Un côté plus givré, un côté plus sérieux. Avec son deuxième album, Le sens du vent, le groupe de Québec Raton Lover polarise ses énergies dans une pop-rock teintée d'influences sixties, d'élans progressifs et d'un esprit de communauté forgé tant sur les planches que sur la route.
Depuis la parution de son premier album, à l'automne 2014, Raton Lover n'a pas boudé les kilomètres à parcourir pour aller courtiser son public. Pour le groupe, qui a installé son quartier général à Charlesbourg, c'est pratiquement un engagement. «On est un band de shows, on prend la route et on va à la rencontre du monde. Et on y va coûte que coûte. Chacun des membres est vraiment impliqué dans le projet. C'est très motivant», confirme le chanteur et parolier Simon Lachance. «L'été dernier, on a passé 45 jours les cinq gars ensemble sur la route, reprend-il.

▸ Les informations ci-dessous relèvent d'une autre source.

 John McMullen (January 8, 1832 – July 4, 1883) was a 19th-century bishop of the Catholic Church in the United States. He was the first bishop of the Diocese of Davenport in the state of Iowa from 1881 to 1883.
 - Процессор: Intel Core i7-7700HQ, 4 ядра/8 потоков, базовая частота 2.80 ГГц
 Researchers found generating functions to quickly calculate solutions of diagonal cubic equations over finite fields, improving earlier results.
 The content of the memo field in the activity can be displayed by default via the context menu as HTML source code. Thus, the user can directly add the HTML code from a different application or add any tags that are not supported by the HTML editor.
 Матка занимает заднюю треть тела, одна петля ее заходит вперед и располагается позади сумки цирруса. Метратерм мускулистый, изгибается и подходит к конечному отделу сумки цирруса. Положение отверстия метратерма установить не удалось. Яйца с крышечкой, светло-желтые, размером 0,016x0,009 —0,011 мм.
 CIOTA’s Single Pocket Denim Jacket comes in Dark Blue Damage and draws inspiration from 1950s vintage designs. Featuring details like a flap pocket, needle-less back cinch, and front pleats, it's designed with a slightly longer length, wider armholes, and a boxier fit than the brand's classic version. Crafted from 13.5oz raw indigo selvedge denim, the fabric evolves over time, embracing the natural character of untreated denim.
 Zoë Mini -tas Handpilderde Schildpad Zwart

Ça nous a permis de roder l'album en spectacles.»
Ledit album, Le sens du vent, dans les bacs vendredi, est donc en partie né dans une camionnette de tournée. Et c'est ce qui explique, selon son auteur, les deux visages qu'il montre, entre la légèreté de l'extrait Frencher des Françaises et le côté plus grave des titres qui se déploient en fin de parcours, davantage teintés d'épreuves, de trahisons et de coeurs brisés. 

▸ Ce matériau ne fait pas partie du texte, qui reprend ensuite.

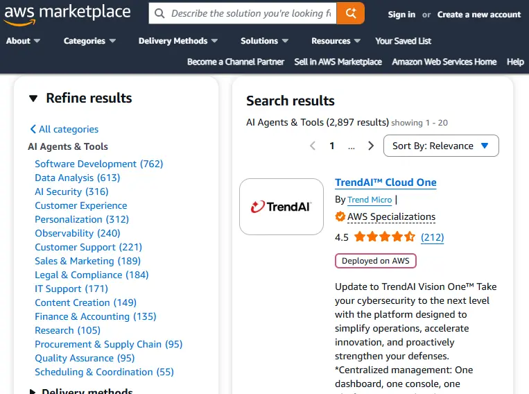 在亚马逊的AWS Marketplace中,客户可以购买近上万个人工智能代理和工具,类别涵盖软件开发、数据分析、法律顾问、财务会计、市场营销等。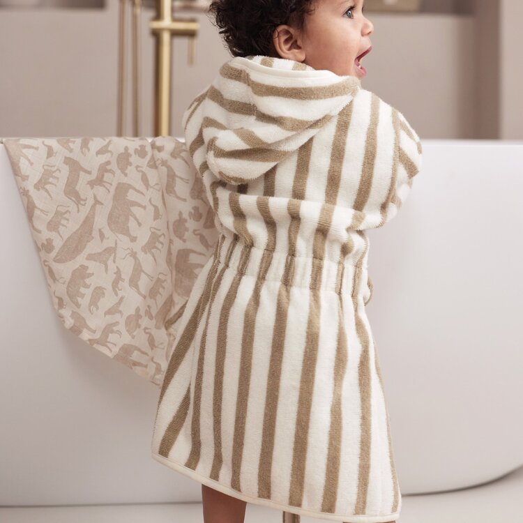 Beschikbaar in de maten 1-2 jaar en 3-4 jaar, passen deze schattige badjasjes perfect bij je kleintje. Kies uit trendy kleuren zoals Olive Green en Wild Rose en geef je kind het plezier van een warme en stijlvolle badjas na het badderen of zwemmen.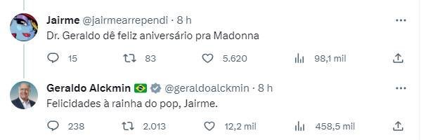 Geraldo Alckmin (PSB) não deixou o aniversário de 65 anos da cantora Madonna passar em branco e usou suas redes sociais, nesta quarta-feira (16/8), para deixar suas felicitações à Rainha do Pop.
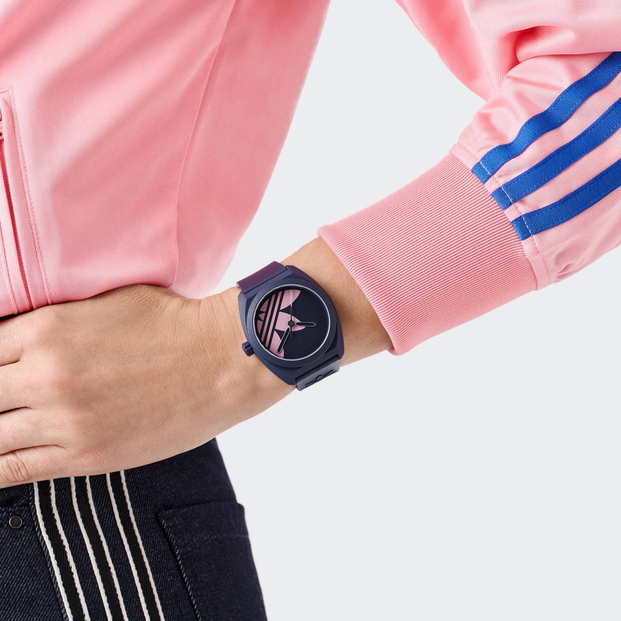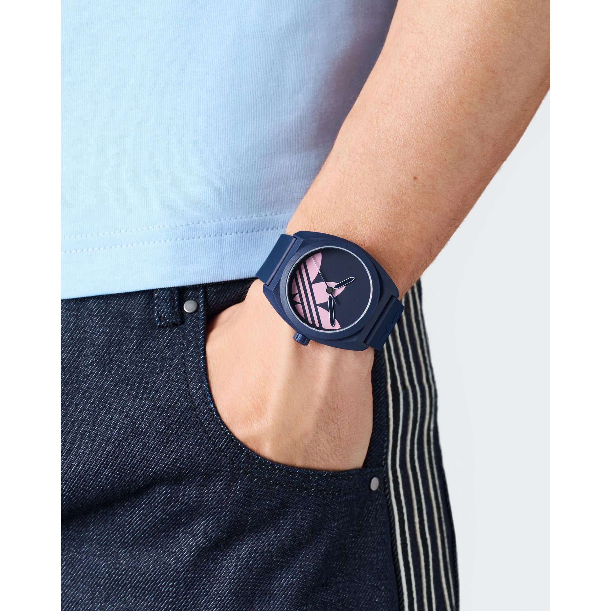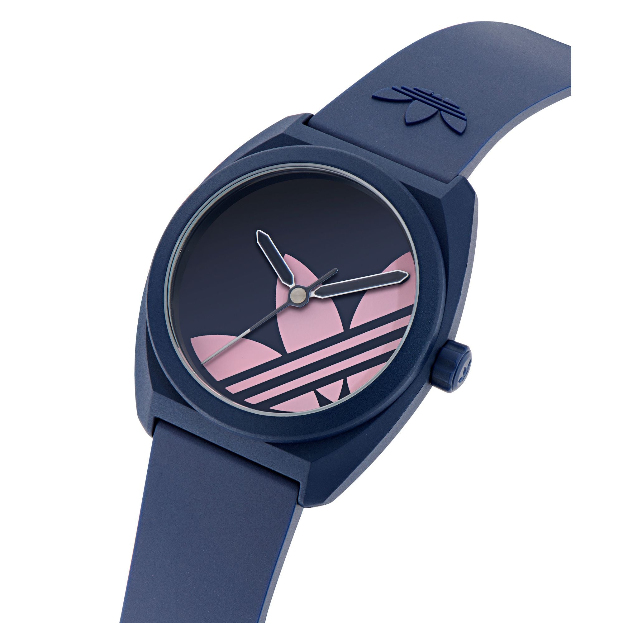 | Armband: | blaues Kunststoffband (Bio-based PU), Dornschließe Breite: ca. 22 mm Länge der Uhr: ca. 22 cm |

«Les chansons écrites sur la route sont souvent plus légères ou autobiographiques, évoque Lachance. Celles écrites hors tournée et hors contexte du groupe, elles sont souvent plus deep. On sent les deux influences. Et étant donné qu'on souhaite faire un vinyle, on a placé les pièces de sorte que les chansons plus légères se retrouvent sur la première face et que la face B soit un peu plus introspective.»
Les hasards et Placard
Depuis sa formation, le hasard a souvent souri à Raton Lover. Même le clin d'oeil un brin irrévérencieux accolé à son logo (où le raton semble brandir un doigt d'honneur) serait selon Simon Lachance dû à un léger accident avec le pochoir signé MC Grou... et que le groupe a finalement souhaité conserver. 

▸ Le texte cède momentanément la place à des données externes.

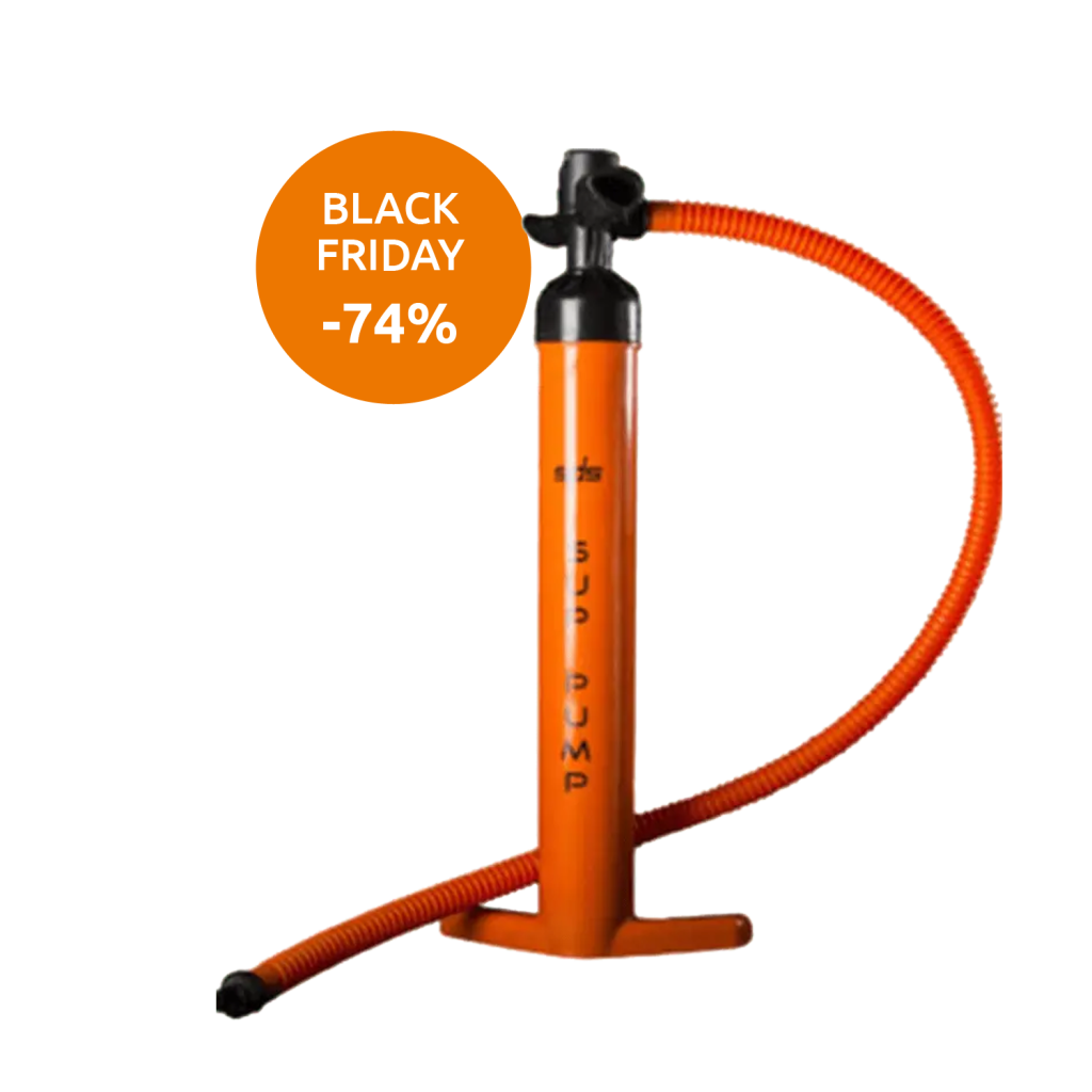 Hinchador de doble acción. Con este hinchador se acabó tardar 10 minutos en hinchar una tabla.

Le premier album de Raton Lover avait été réalisé par Éric Blanchard, désormais membre à part entière du groupe. La formation s'est donc tournée vers le chevronné Dany Placard pour mettre sa griffe sur ses nouvelles créations. Et là encore, le hasard a bien fait les choses pour le quintette. 
La rencontre avec le musicien saguenéen, Simon Lachance en parle comme d'une «scène de film». Il y a d'abord eu cette chanson de Placard entendue dans la camionnette, alors que les Ratons se rendaient à Montréal pour assister à un concert de Wilco. Puis cette envie folle d'un café exprimée par le guitariste Éric Blanchard en arrivant à la salle de spectacles. 
«On n'a pas trouvé de café au bar, mais on a trouvé Dany Placard!» rigole Simon Lachance. Quelques semaines plus tard, une virée à la FrancoFête en Acadie a remis Dany Placard sur leur chemin. Le sort en était jeté pour cette nouvelle collaboration en studio.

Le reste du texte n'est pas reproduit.